> Try it
Retype the lines below exactly, but only those from the line that has "高阳县第三人民医院项目获评保定市安全文明工地" through the line that has "Ceiling Fan(s), Eating". Omit every picture.

> Task input
-- Opening Marker --
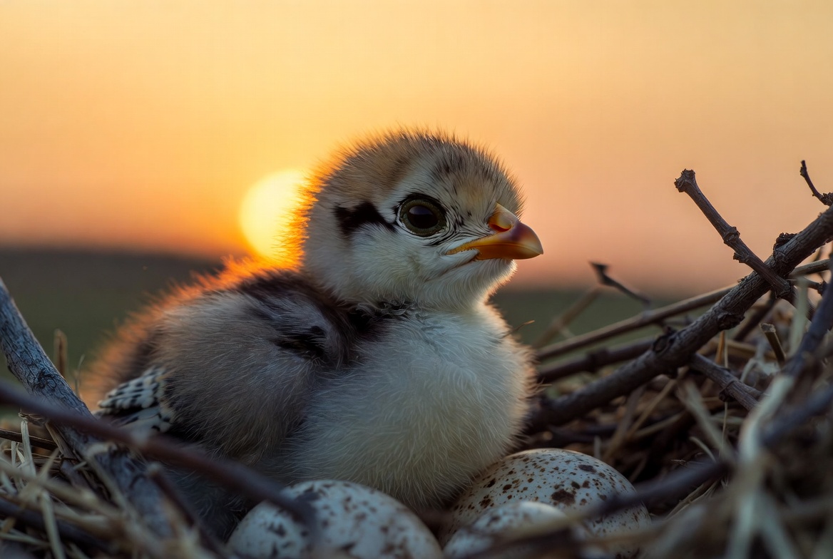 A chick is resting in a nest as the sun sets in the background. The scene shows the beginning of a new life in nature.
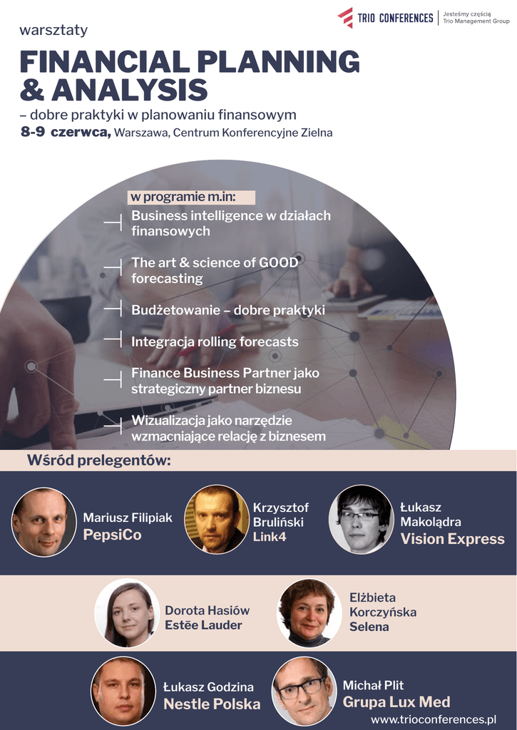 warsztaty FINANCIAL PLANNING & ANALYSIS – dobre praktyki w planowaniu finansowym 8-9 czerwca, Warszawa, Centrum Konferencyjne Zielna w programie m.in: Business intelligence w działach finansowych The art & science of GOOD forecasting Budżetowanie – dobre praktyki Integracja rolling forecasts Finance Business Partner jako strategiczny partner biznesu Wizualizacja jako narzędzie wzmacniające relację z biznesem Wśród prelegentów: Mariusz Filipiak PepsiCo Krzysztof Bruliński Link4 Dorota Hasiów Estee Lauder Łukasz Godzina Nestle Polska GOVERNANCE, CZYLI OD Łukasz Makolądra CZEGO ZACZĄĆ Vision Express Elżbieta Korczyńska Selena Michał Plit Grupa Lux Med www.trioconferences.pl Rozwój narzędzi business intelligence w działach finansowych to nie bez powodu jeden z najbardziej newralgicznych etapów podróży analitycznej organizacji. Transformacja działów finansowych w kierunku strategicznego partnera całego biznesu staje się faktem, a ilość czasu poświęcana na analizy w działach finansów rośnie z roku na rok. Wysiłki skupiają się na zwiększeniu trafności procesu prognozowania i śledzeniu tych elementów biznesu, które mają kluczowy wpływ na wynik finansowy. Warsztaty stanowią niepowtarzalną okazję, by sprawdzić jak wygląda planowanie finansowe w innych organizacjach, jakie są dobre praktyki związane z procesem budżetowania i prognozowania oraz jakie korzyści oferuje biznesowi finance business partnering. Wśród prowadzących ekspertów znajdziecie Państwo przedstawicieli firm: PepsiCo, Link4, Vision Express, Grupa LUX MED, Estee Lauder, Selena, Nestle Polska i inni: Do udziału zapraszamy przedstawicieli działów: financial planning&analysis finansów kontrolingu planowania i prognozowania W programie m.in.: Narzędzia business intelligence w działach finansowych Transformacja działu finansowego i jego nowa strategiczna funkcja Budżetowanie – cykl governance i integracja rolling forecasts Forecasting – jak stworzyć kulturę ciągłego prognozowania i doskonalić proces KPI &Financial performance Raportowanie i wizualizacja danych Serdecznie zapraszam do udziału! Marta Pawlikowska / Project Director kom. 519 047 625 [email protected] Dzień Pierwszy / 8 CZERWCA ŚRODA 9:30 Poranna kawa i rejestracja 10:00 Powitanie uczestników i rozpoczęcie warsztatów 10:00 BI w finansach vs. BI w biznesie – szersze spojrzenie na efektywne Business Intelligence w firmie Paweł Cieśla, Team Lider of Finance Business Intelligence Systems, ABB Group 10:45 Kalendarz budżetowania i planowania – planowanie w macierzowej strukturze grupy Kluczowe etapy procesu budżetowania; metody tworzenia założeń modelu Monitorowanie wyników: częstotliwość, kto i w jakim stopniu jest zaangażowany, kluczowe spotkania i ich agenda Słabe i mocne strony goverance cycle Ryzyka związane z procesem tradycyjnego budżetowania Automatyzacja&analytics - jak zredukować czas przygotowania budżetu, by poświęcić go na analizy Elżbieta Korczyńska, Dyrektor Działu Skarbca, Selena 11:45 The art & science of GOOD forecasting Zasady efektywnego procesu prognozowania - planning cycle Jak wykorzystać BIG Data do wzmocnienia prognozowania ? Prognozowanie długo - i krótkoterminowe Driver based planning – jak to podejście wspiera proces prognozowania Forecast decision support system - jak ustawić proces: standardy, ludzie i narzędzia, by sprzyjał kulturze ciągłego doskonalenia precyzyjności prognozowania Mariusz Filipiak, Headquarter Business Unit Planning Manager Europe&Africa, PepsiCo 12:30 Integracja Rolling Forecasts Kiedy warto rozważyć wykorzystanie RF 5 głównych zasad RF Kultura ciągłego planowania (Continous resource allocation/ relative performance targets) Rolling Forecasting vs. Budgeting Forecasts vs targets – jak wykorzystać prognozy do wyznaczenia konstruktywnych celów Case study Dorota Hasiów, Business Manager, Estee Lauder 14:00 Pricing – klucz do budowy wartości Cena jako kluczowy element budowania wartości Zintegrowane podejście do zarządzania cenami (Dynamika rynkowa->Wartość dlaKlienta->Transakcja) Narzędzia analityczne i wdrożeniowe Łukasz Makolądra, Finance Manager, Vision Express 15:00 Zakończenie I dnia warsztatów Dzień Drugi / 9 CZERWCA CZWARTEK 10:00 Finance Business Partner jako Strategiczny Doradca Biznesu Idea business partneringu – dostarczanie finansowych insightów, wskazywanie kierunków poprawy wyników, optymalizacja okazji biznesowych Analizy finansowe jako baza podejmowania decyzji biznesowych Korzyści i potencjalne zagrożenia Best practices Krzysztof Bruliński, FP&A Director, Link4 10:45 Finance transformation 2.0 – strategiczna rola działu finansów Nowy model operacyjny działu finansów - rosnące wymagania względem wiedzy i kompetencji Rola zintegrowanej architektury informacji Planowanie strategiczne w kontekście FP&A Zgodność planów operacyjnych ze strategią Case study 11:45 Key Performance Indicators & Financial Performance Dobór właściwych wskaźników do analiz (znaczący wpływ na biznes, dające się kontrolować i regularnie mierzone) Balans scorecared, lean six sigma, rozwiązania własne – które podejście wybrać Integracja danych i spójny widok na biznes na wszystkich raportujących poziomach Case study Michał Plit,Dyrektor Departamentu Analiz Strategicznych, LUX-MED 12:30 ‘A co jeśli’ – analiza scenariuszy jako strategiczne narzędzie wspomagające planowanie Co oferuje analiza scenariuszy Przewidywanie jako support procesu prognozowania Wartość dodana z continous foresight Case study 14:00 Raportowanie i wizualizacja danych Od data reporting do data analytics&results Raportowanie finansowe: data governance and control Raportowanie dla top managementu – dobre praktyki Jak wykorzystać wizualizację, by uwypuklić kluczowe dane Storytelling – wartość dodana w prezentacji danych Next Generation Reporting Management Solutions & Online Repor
-- Closing Marker --
-- Opening Marker --
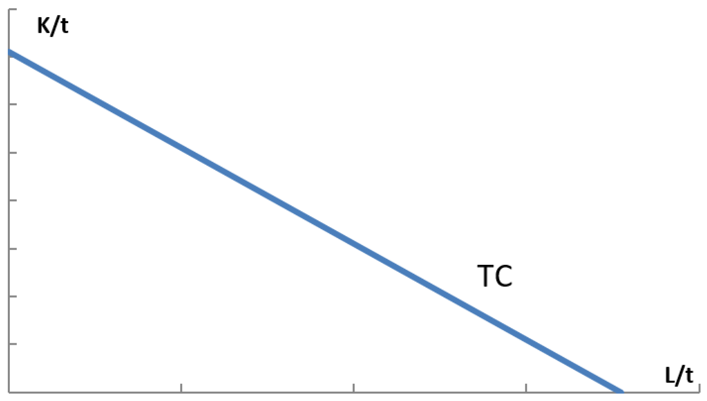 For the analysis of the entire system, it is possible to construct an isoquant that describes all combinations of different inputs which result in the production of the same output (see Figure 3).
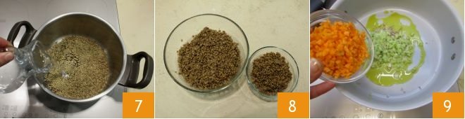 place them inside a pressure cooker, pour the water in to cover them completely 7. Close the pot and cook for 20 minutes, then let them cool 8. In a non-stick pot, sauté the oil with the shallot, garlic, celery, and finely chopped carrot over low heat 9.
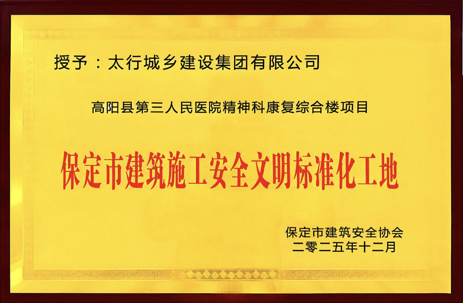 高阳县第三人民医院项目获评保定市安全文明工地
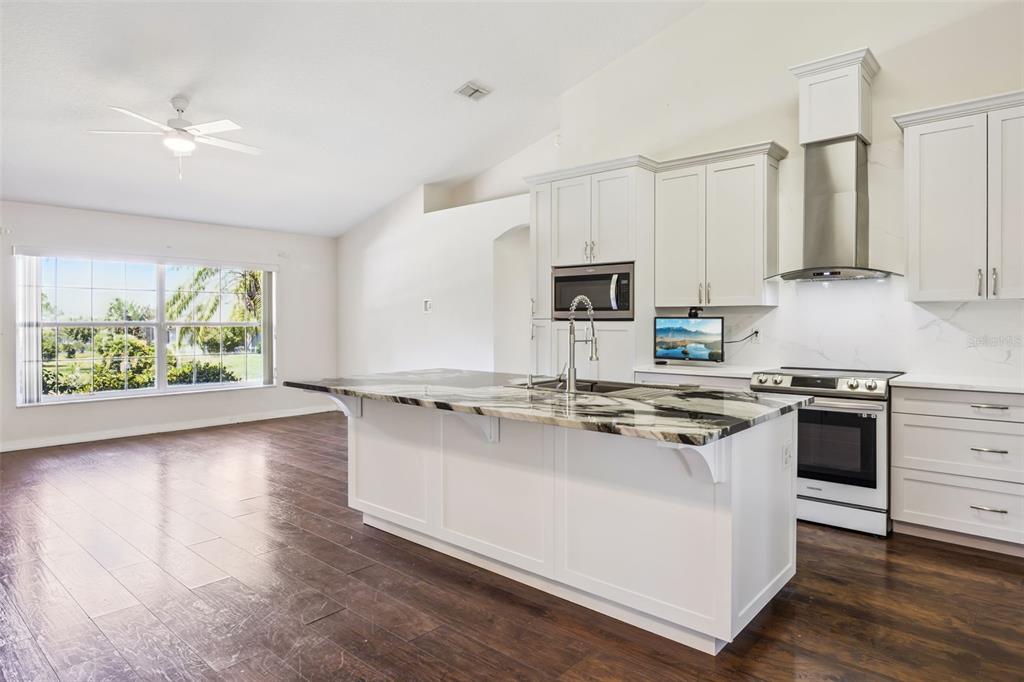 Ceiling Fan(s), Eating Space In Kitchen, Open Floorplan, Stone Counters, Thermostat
-- Closing Marker --
> Result of the exercise
 高阳县第三人民医院项目获评保定市安全文明工地
 Ceiling Fan(s), Eating Space In Kitchen, Open Floorplan, Stone Counters, Thermostat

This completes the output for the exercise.